Afloat in South Asia

Afloat in South Asia
Reclining Buddha; Rangoon

Friday, February 11, 2011

Langkawi - Sun., Jan. 24th

One of our favorite family vacations during our Hong Kong years was our trip to Langkawi. This beautiful island on the west side of Malaysia provided us a terrific beach holiday in the midst of a rainforest. Monkeys threw coconuts on the roof of our elegant little hut to wake us up in the mornings; Teddy fished with the locals and the butterfly “museum” down the road was, in fact, a huge aviary devoted to butterflies.

I was always sad that I never did one of the bird walks offered by the Datai, where we stayed. As part of this trip I got a second chance – and what a morning it was! The Clipper Odyssey carries experts in all manner of wildlife and the resident bird-nut, Jonathan Rossouw, is as amazing in his enthusiasm as he is in his knowledge.

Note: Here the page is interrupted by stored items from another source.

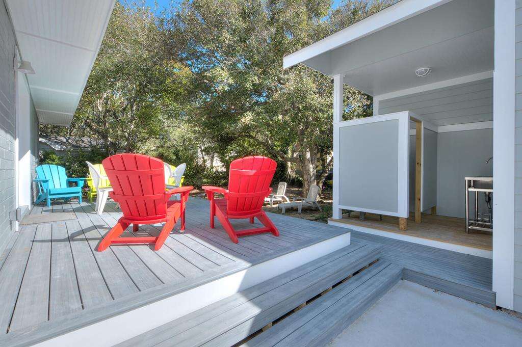 Lower-level duplex vacation rental in Oak Island with 4 queen bedrooms for groups, near the pier and beach access, plus a backyard fire pit and outdoor shower for easy post-beach cleanup.
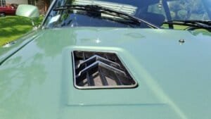 Refaite en 2021, la peinture est de belle qualité sans différence de teinte ni coulure. La teinte vert métal argenté de notre exemplaire est peu courante et correspond à la couleur d’origine du véhicule.
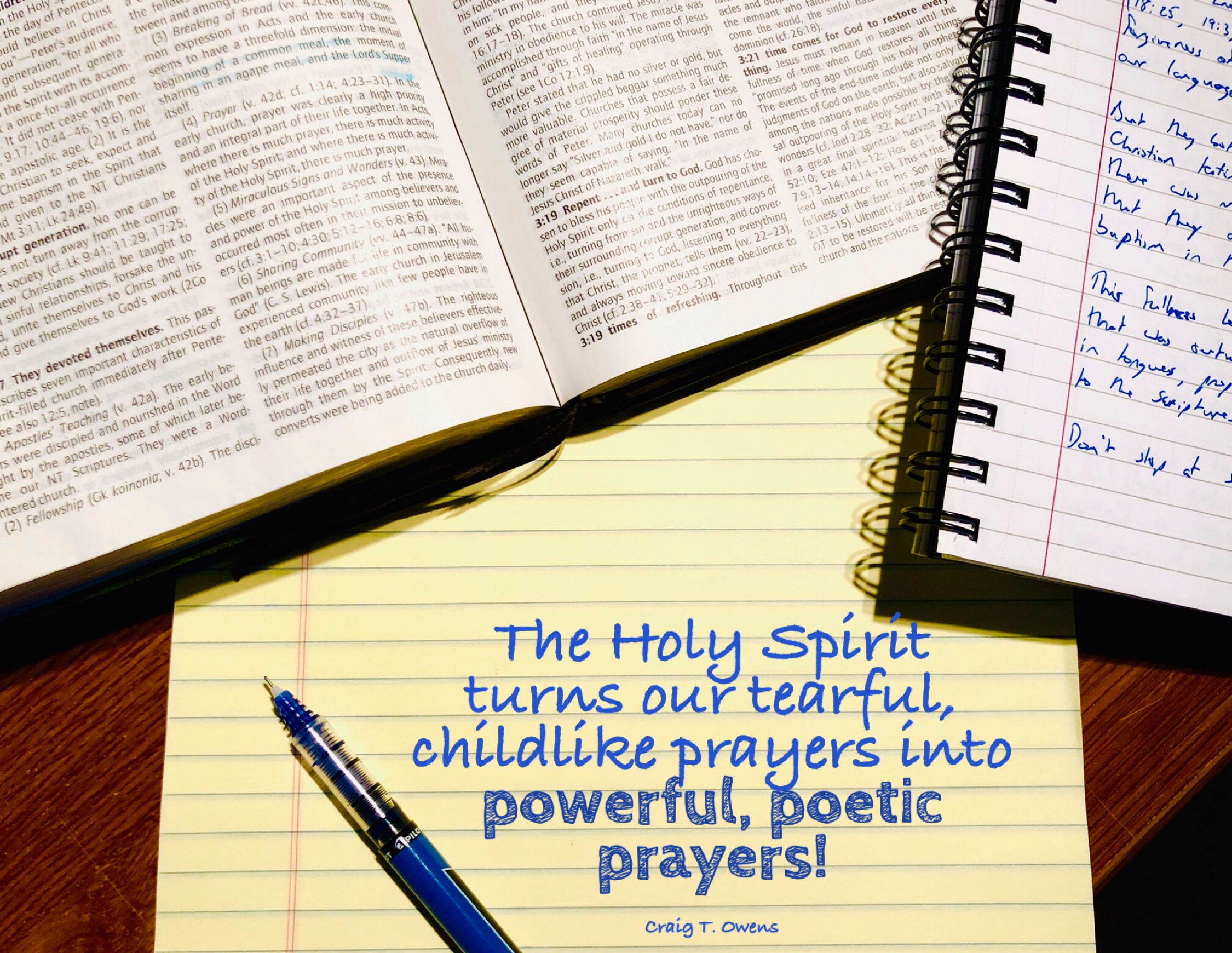 Finally, Jesus was never at a loss of what prayer to pray, and so too will the Holy Spirit help us go deeper into our prayer time (Luke 10:21; Romans 8:26-27; Ephesians 3:14-21).

Jonathan assured us that we would drive up to the top of the mountain and make our way back down gradually. Well….he had not counted on finding a stash of about a dozen great hornbills playing around at the halfway mark! We all hopped out and, by the time we were done, we had wandered nearly to the top, surrounded by amazing birds the whole way. In this photo, you can see one of these magnificent hornbills on the wing and another on a branch (lower right). They are so large that you can hear their approach by a characteristic “whoosh” in the forest.

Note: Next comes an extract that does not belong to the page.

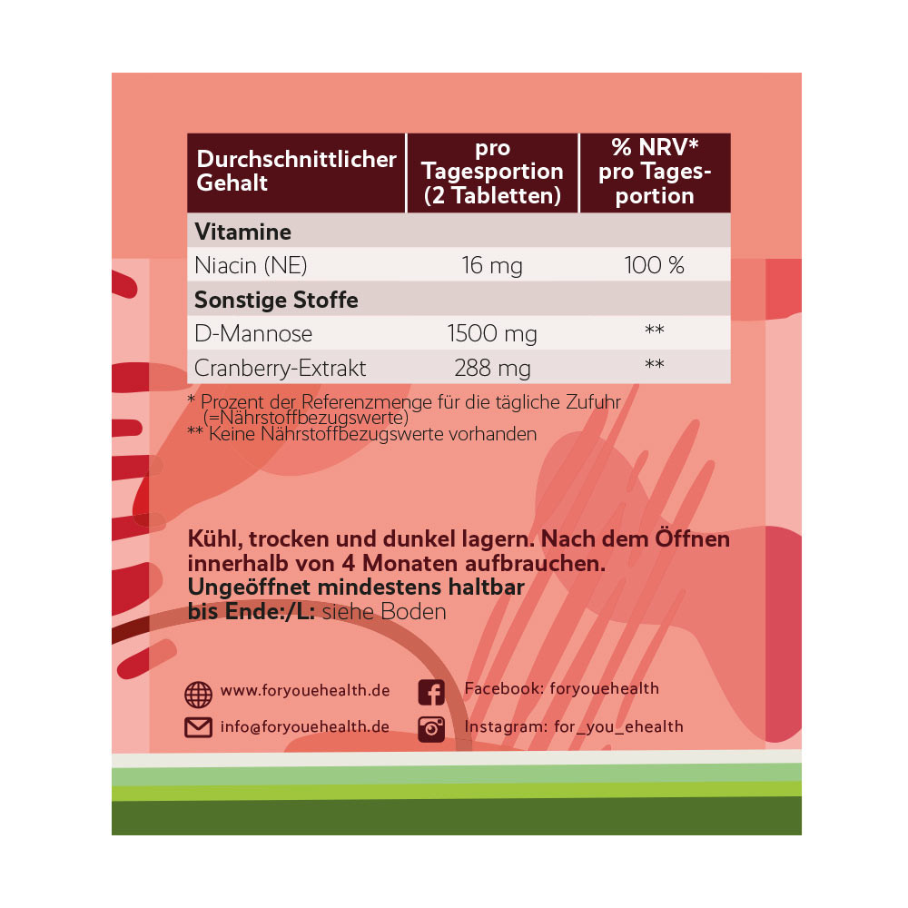 for you D-Mannose Cranberry for you D-Mannose mit Cranberry for you D-Mannose for you D-Mannose Cranberry - Etikett
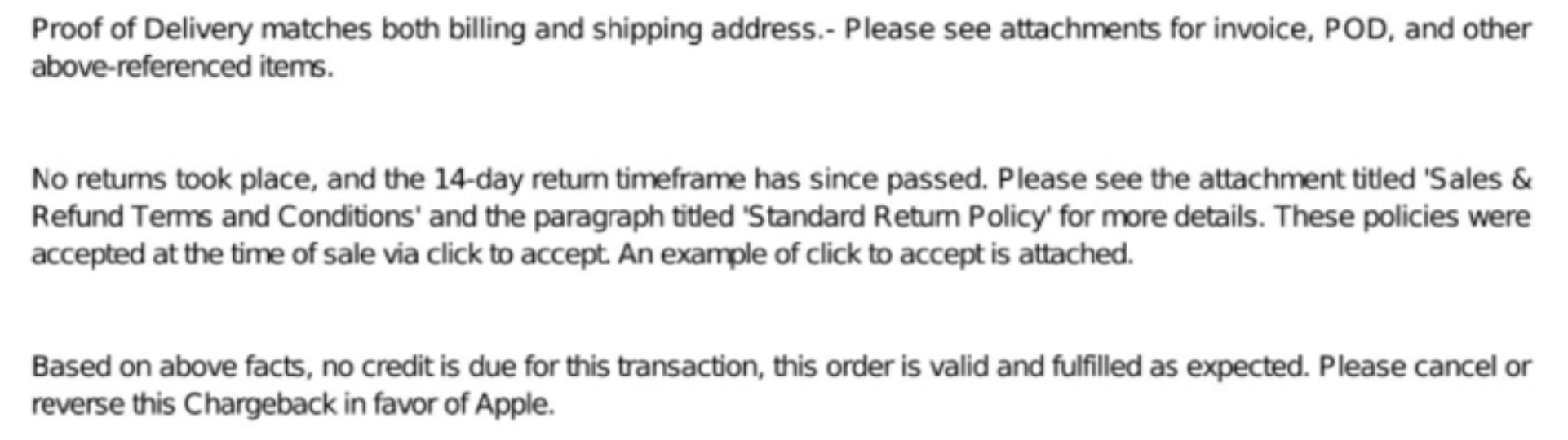 proof of delivery is present, and additionally, it mentions that no returns were made within the 14-day return timeframe. The bank or credit issuer also states that the "order is valid and has been fulfilled as expected."

We also saw an Oriental Pied Hornbill at his nest, where he had walled up the wife and kids (ask me about this one!), as well as the Wreathed Hornbill.

Here is another beautiful little Langkawi denizen – a chestnut-headed bee eater. We saw five or six distinct sorts of bee eaters in the course of our trip, all of them compact and petite like this one. They were nothing like the scarlet bee eaters of Botswana, with their long drongo-like tails.

Along the way, we were entertained by several gaggles of macaques. We also saw a family of langurs, though they were very shy and scooted away before I could get my camera open.

By the time we finished, the bird count for the six-hour jaunt was 33 varieties. It was an all-together entrancing morning and I felt that I had, indeed, made up for lost time in Langkawi!